Surely I’m not the only one who chuckled at the recent “Driving While Distracted” summit at UAB, which would have been better titled, “I Can’t Believe You Haven’t Figured This Out For Yourself By Now.”

The issue, of course, has been raised all over the country, most recently in Alabama due to the efforts of Representative Jim McClendon, who last legislative year introduced a bill to ban “texting” and driving.

“How dumb do you have to be to think this (texting and driving) is a good idea?” he told the Moody Chamber of Commerce in a recent meeting.

The issue, unfortunately, is a straw man. Nobody thinks sending a text message while driving is a good idea – how could they?

Similarly, I doubt anyone left on the planet thinks smoking is still a good idea. How much more research is necessary? How many more public service announcements?

I’m asking only because we keep pushing for new laws — nearly every town has a ban on smoking in public places (because business owners can’t decide for themselves, apparently) and this texting-while-driving ban is almost sure to go through.

Is it necessary, though? Do we need more laws to protect us from our own stupidity?

The whole thing is reminiscent of the “curfew laws,” which became en vogue during the 1990s, and remain in effect in most communities across the nation. We needed a strict curfew, as I understood it, because too many young people were causing trouble at late hours on public streets.

Did we really, though?
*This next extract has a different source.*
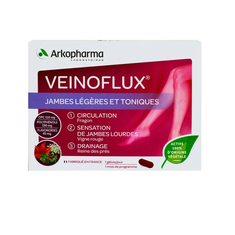 ОписаниеСочетая растения и витамины, Veinoflux Light Legs Arkopharma представляет собой пищевую добавку, предназначенную для лечения тяжелых ног. Ее различные активные ингредиенты играют роль сохранения целостности системы кровообращения для бодрых и здоровых ног. Veinoflux Light Legs Arkopharma показана в некоторых случаях. от: Тяжелые ноги Ощущение тяжести, сильная усталость Длительное стояние Сильный жар Способ применения: 1 капсула в день, желательно утром перед завтраком, запивая большим стаканом воды.

Perhaps I was fortunate growing up, but I’m almost certain my parents didn’t need the assistance of the police or the mayor to have me home on time — they needed only to tell me where to be and when to be there. Some things, after all, are worse than going to jail.

Which is the great tragedy, after all: we shouldn’t need the government’s help in doing what we should do anyway. But somehow we don’t do the things we should, and so we have to make such laws.

We shouldn’t have needed the government’s help, for example, to stop us from discriminating against our fellow man based on race or religion, but we did. We shouldn’t have needed the government’s help to force us to give to the less fortunate, but somehow it happened anyway.

And we certainly shouldn’t need the government’s help to stop us from destructive behaviors like driving and texting.

But, we’re probably getting it anyway. Happy New Year!